> What to do
Range to reproduce from the entries below: the line with "Internal dividing gate", the line with "Govalle Neighborhood Park Ribbon", and every line in between. Give them exactly and give nothing else.

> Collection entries
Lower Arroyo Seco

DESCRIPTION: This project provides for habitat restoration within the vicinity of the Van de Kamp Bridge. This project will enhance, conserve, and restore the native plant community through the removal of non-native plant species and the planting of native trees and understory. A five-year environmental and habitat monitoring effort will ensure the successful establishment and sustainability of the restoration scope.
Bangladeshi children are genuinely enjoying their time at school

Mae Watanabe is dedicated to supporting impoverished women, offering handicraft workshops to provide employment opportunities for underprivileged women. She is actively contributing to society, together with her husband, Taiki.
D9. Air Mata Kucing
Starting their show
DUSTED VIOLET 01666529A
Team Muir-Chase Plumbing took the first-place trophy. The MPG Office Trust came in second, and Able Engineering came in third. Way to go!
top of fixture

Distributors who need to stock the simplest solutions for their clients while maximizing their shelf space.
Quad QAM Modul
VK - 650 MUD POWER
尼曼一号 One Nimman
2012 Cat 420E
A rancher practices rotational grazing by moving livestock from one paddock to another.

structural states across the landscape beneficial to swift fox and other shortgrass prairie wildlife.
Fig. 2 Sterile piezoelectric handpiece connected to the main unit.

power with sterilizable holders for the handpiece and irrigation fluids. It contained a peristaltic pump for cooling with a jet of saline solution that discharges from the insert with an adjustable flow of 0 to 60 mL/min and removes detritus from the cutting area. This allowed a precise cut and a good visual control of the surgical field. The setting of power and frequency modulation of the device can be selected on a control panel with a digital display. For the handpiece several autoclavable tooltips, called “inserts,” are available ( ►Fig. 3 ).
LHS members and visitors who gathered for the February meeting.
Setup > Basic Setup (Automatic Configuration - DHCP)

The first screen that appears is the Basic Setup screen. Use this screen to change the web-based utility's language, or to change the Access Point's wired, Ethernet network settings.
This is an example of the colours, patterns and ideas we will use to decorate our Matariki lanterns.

==

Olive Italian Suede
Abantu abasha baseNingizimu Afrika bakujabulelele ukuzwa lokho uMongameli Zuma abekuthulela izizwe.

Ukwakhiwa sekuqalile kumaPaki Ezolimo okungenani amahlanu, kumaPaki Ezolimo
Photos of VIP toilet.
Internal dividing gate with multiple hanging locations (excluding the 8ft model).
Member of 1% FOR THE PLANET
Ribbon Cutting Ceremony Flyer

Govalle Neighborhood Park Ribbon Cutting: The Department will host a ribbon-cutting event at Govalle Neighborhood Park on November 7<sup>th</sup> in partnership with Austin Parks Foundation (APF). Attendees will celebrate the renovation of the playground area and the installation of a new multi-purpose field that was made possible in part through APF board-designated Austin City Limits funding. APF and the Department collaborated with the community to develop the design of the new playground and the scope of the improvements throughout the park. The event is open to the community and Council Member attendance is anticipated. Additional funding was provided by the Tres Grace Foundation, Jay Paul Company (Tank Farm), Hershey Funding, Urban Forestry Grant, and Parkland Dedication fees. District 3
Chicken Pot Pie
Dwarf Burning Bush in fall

> Written response
Internal dividing gate with multiple hanging locations (excluding the 8ft model).
Member of 1% FOR THE PLANET
Ribbon Cutting Ceremony Flyer

Govalle Neighborhood Park Ribbon Cutting: The Department will host a ribbon-cutting event at Govalle Neighborhood Park on November 7<sup>th</sup> in partnership with Austin Parks Foundation (APF). Attendees will celebrate the renovation of the playground area and the installation of a new multi-purpose field that was made possible in part through APF board-designated Austin City Limits funding. APF and the Department collaborated with the community to develop the design of the new playground and the scope of the improvements throughout the park. The event is open to the community and Council Member attendance is anticipated. Additional funding was provided by the Tres Grace Foundation, Jay Paul Company (Tank Farm), Hershey Funding, Urban Forestry Grant, and Parkland Dedication fees. District 3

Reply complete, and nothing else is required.